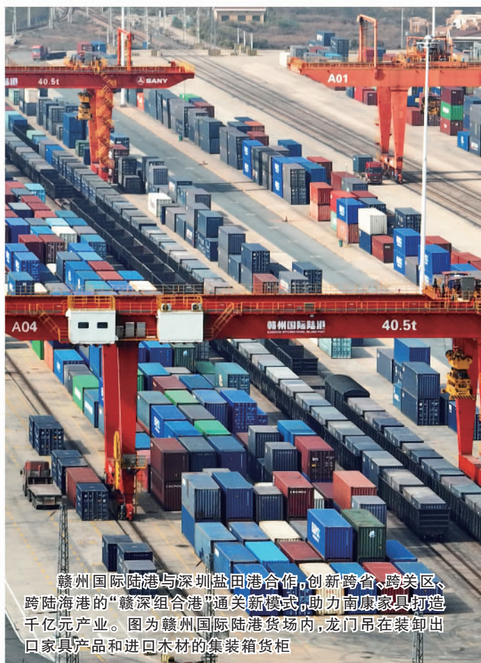
赣州国际陆港与深圳盐田港合作，创新跨省、跨关区、跨陆海港的“赣深组合港”通关新模式，助力南康家具制造千亿元产业。图为赣州国际陆港货场内，龙门吊在装卸出口家具产品和进口木材的集装箱货柜
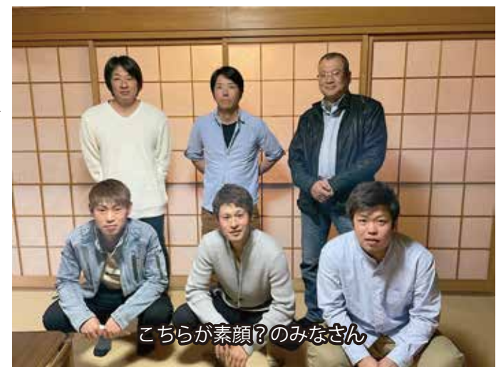
こちらが素顔?のみなさん
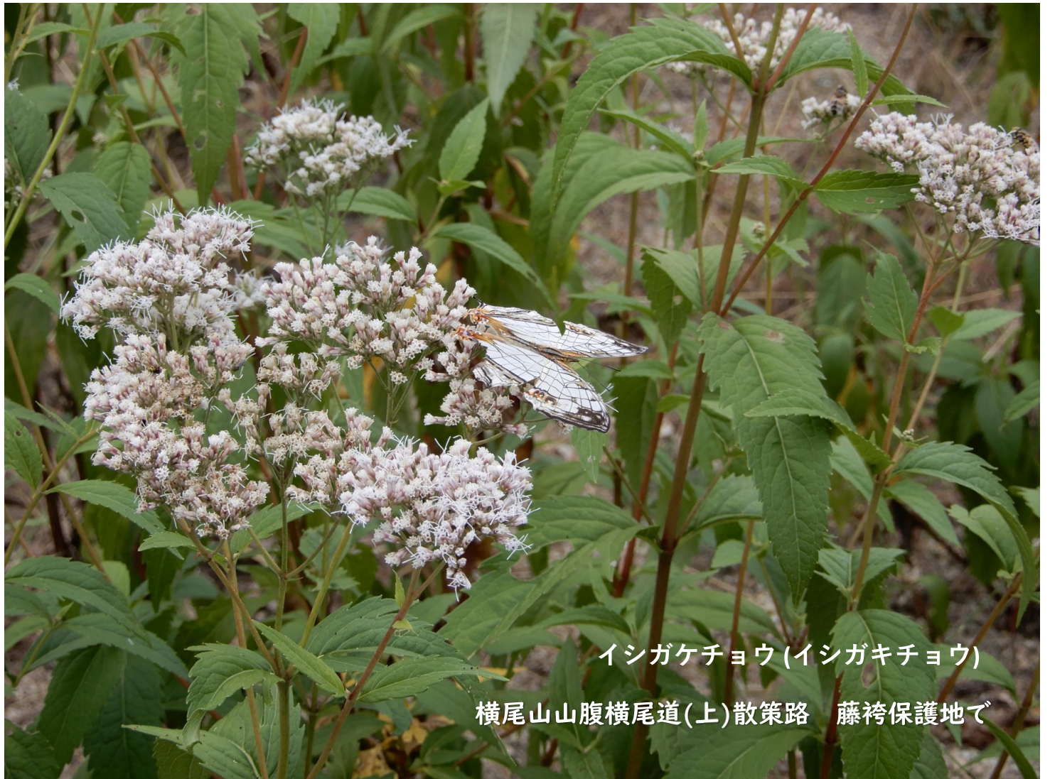
イシガケチョウ(イシガキチョウ)
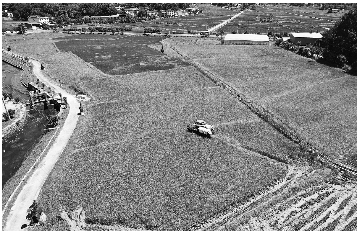
7月22日，萍乡市湘东区排上镇北村村，农机手正驾驶收割机收割早稻。萍乡市早稻陆续进入收获期，当地农户抢抓晴好天气，组织机械抢收早稻，努力实现颗粒归仓。

7月下旬，“双抢”已进入最后关头，智慧农机成为“抢时间”的关键。省农业农村厅农业机械化管理处相关负责人告诉记者，我省通过开展水稻机收减损大宣传、大培训、大比武活动及水稻机收减损监测调查工作，提高机械化作业质量水平，最大限度降低稻谷损失，并全面推广农业社会化服务，帮助农户实现节本增效。据统计，今年，全省各地准备各类“双抢”农机具72.38万台（套），其中大中型拖拉机4.21万台、履带式联合收割机3.46万台、高速插秧机2.11万台。
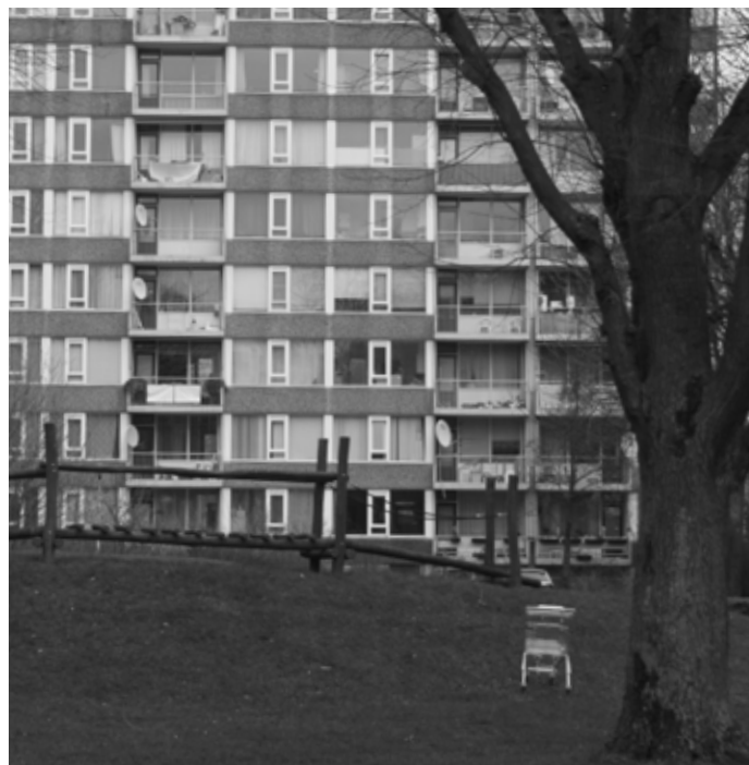
Openbare ruimte in Overvecht

En als klap op de vuurpijl raakt ook nog de moderne architectuur uit de mode. Een woning is een consumptiegoed geworden, waarmee
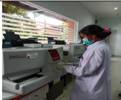
Gambar 11. Pemeriksaan Sampel
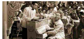
All'asta il pianoforte di Casablanca (lo sapevate che sono due?)
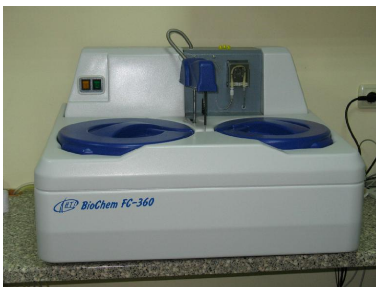
Рисунок 2 – Общий вид анализатора модель FC-360
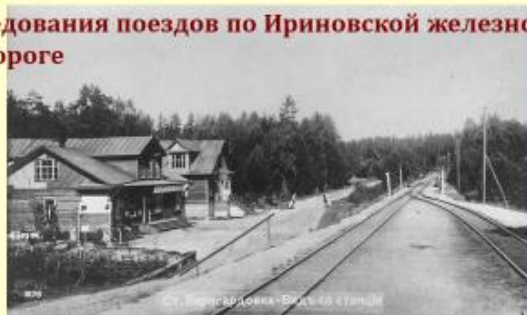
Ст. Пороховая - Вид со станции
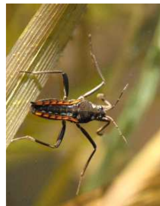
Velia - hladinatka 1-2cm, potoky
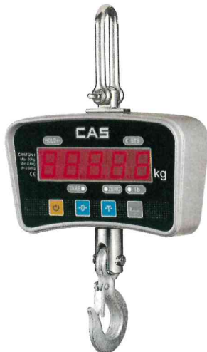
Весы Caston-I (ТНА) (MAX=0.5 т)
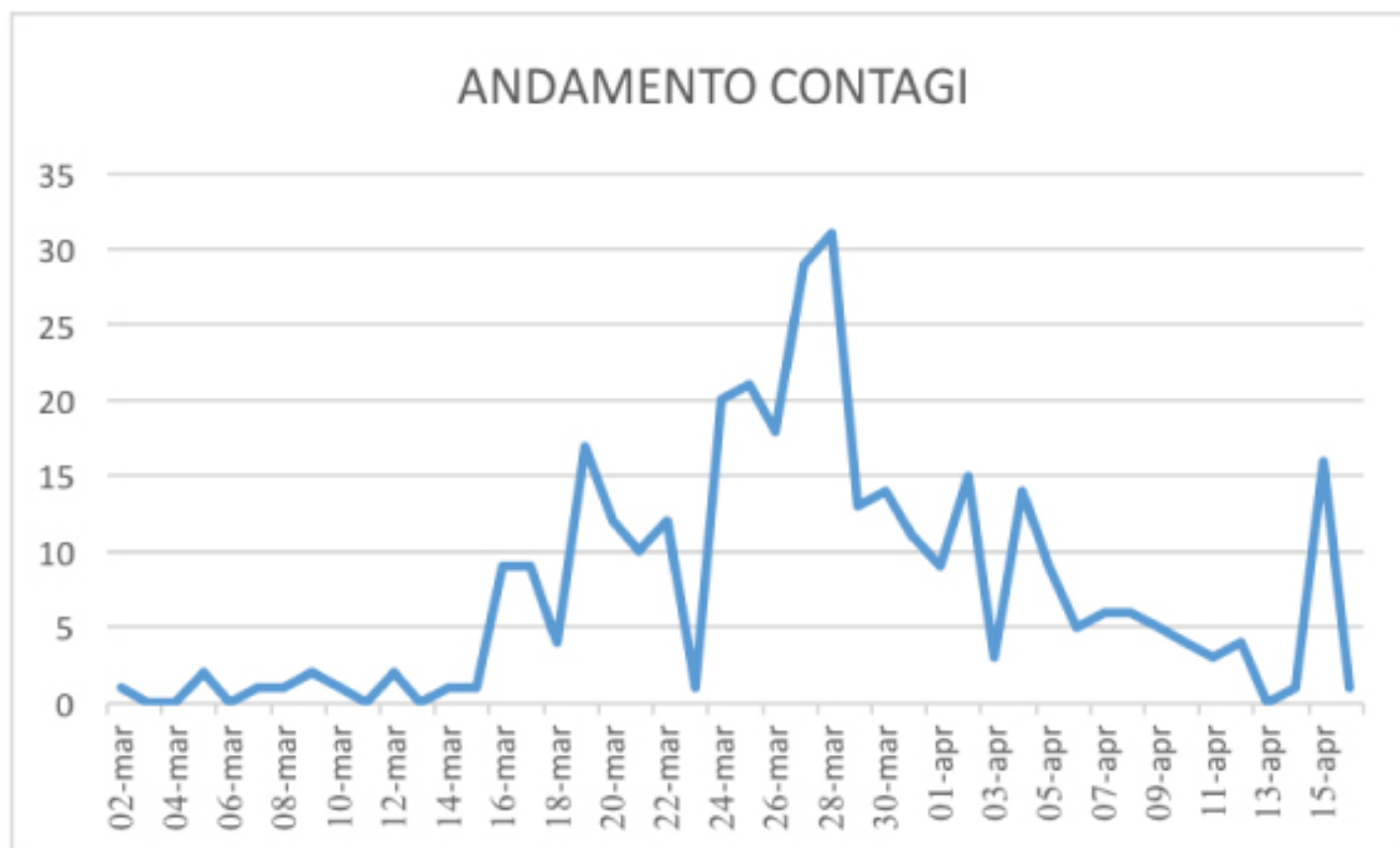
GRAFICO ANDAMENTO CONTAGI
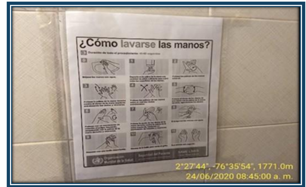
Protocolo para el lavo de las manos en las instalaciones de los lavamanos de los baños..
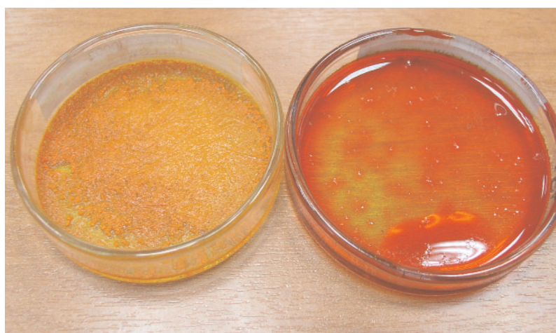
▲ Ukázka dobrého a špatného inkoustu

„Obrovskou a navíc je to velmi těžká otázka, protože záleží na úhlu pohledu toho, kdo nás hodnotí. Pokud jde zákazníkovi pouze o nejnižší cenu, tak jistě najde výhodnější řešení, než mu nabízí naše firma. Není problém koupit třeba na e-tržišti toner za 250 Kč od nějakého domácího kutila. My se ale snažíme naučit zákazníky, aby vyžadovali od svých současných dodavatelů minimálně totéž, co nabízíme my, a v těch případech obvykle naše firma nemá problém obstát. Ale to platí obecně, ať už vyrábíte alternativní tiskové kazety nebo pečete rohlíky. Vždy se najde někdo, kdo to umí levněji.“
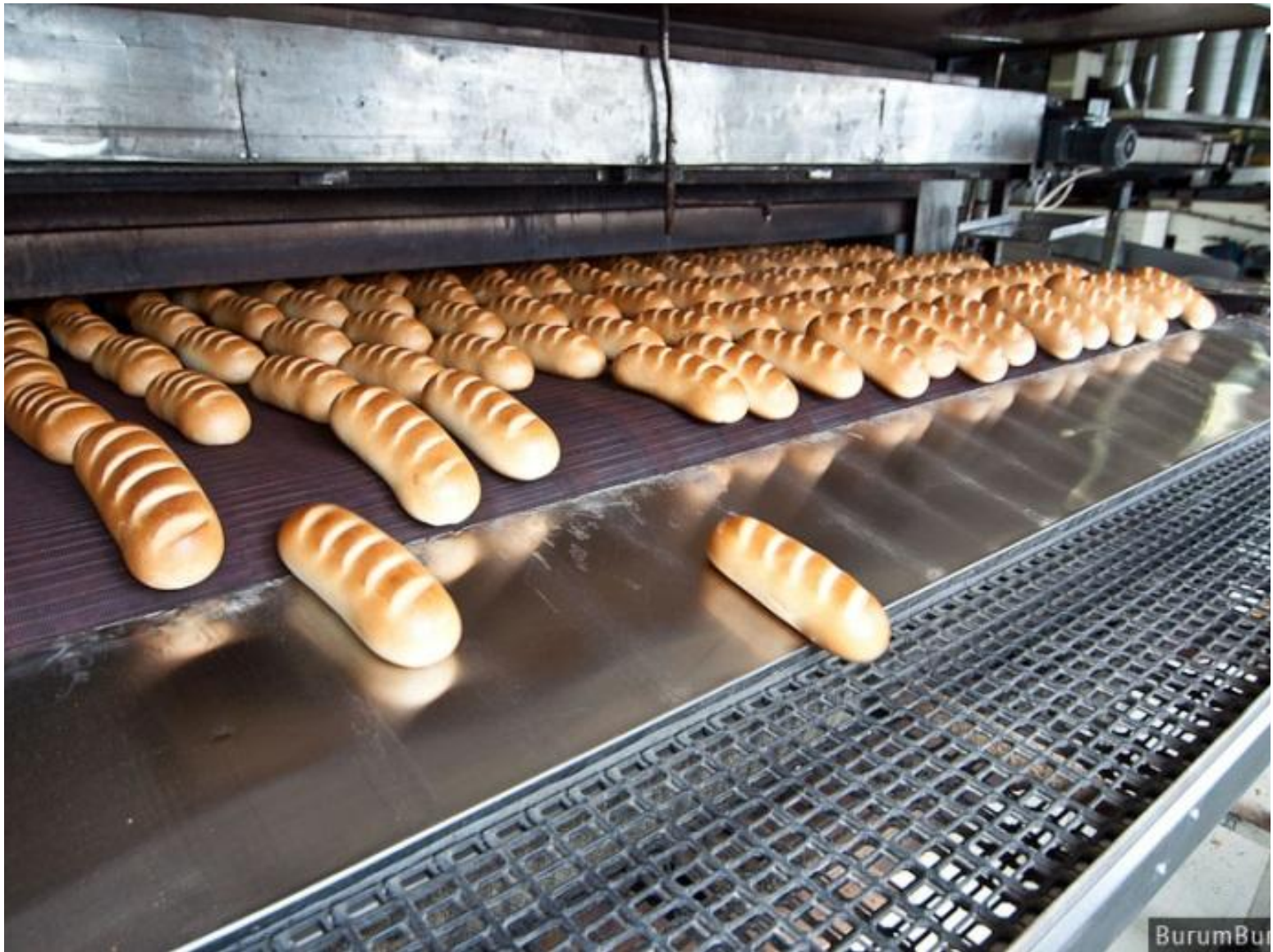
Готовый хлеб выходит из печи
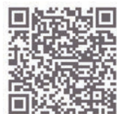
LIVRET À DESTINATION DES PROFESSIONNELS
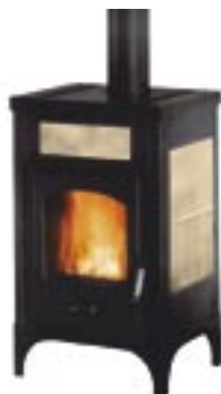
Sale e pepe cod. LE4003
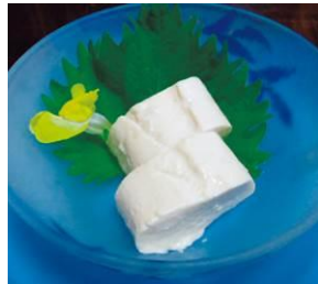
宮城県大崎市 〈粟野商店〉 湯葉重ね豆腐 110g 486円
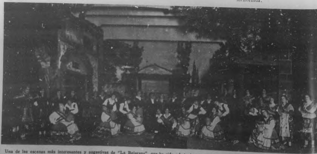
Una de las escenas más interesantes y sugestivas de "La Bejarana", que ha sido admirada por nuestro público en bellas noches de arte exquisito.
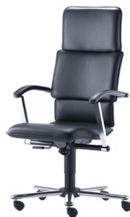
T-C10-A-D1-S aktiivinen lantiotuki korkeussäädöllä varustetut käsinojat hartiatuki GV-teräs kromi
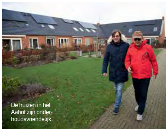
De huizen in het Aahof zijn onderhoudsvriendelijk.
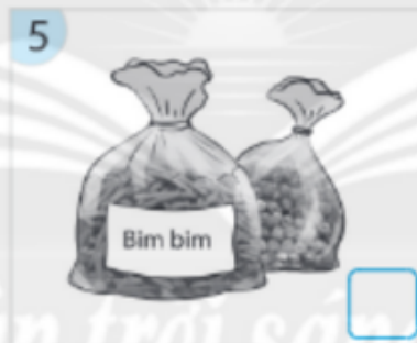
Bim bim cần
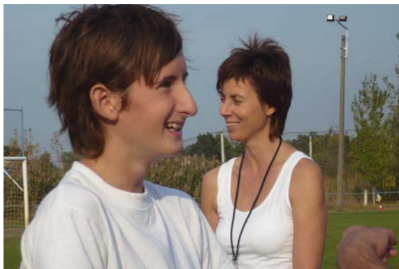
...és a végeredmény
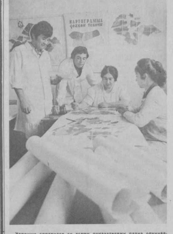
Успешно справился со всеми показателями плана единичной пятилетки коллектив Нахавандинской зональной картограммы. Сотрудники станции снабжают картограммами с подробными сведениями о состоянии конкретного участка почти 130 хозяйств области. За пятилетку объем работ в этом направлении возрос в полтора раза при той же численности коллектива. Достигнуто это за счет использования современного оборудования, а также в результате планомерных и программных принципов деятельности, четкой исполнительской дисциплины.

Э. ТОВСТОКОВ. Член КПСС с 1966 г. Ташкент.
###
The task: Repeat verbatim the lines between the start of the data and the line containing "De huizen in", both ends included, omitting all pictures.

Output for this exercise:
赣州国际陆港与深圳盐田港合作，创新跨省、跨关区、跨陆海港的“赣深组合港”通关新模式，助力南康家具制造千亿元产业。图为赣州国际陆港货场内，龙门吊在装卸出口家具产品和进口木材的集装箱货柜
こちらが素顔?のみなさん
イシガケチョウ(イシガキチョウ)
7月22日，萍乡市湘东区排上镇北村村，农机手正驾驶收割机收割早稻。萍乡市早稻陆续进入收获期，当地农户抢抓晴好天气，组织机械抢收早稻，努力实现颗粒归仓。

7月下旬，“双抢”已进入最后关头，智慧农机成为“抢时间”的关键。省农业农村厅农业机械化管理处相关负责人告诉记者，我省通过开展水稻机收减损大宣传、大培训、大比武活动及水稻机收减损监测调查工作，提高机械化作业质量水平，最大限度降低稻谷损失，并全面推广农业社会化服务，帮助农户实现节本增效。据统计，今年，全省各地准备各类“双抢”农机具72.38万台（套），其中大中型拖拉机4.21万台、履带式联合收割机3.46万台、高速插秧机2.11万台。
Openbare ruimte in Overvecht

En als klap op de vuurpijl raakt ook nog de moderne architectuur uit de mode. Een woning is een consumptiegoed geworden, waarmee
Gambar 11. Pemeriksaan Sampel
All'asta il pianoforte di Casablanca (lo sapevate che sono due?)
Рисунок 2 – Общий вид анализатора модель FC-360
Ст. Пороховая - Вид со станции
Velia - hladinatka 1-2cm, potoky
Весы Caston-I (ТНА) (MAX=0.5 т)
GRAFICO ANDAMENTO CONTAGI
Protocolo para el lavo de las manos en las instalaciones de los lavamanos de los baños..
▲ Ukázka dobrého a špatného inkoustu

„Obrovskou a navíc je to velmi těžká otázka, protože záleží na úhlu pohledu toho, kdo nás hodnotí. Pokud jde zákazníkovi pouze o nejnižší cenu, tak jistě najde výhodnější řešení, než mu nabízí naše firma. Není problém koupit třeba na e-tržišti toner za 250 Kč od nějakého domácího kutila. My se ale snažíme naučit zákazníky, aby vyžadovali od svých současných dodavatelů minimálně totéž, co nabízíme my, a v těch případech obvykle naše firma nemá problém obstát. Ale to platí obecně, ať už vyrábíte alternativní tiskové kazety nebo pečete rohlíky. Vždy se najde někdo, kdo to umí levněji.“
Готовый хлеб выходит из печи
LIVRET À DESTINATION DES PROFESSIONNELS
Sale e pepe cod. LE4003
宮城県大崎市 〈粟野商店〉 湯葉重ね豆腐 110g 486円
Una de las escenas más interesantes y sugestivas de "La Bejarana", que ha sido admirada por nuestro público en bellas noches de arte exquisito.
T-C10-A-D1-S aktiivinen lantiotuki korkeussäädöllä varustetut käsinojat hartiatuki GV-teräs kromi
De huizen in het Aahof zijn onderhoudsvriendelijk.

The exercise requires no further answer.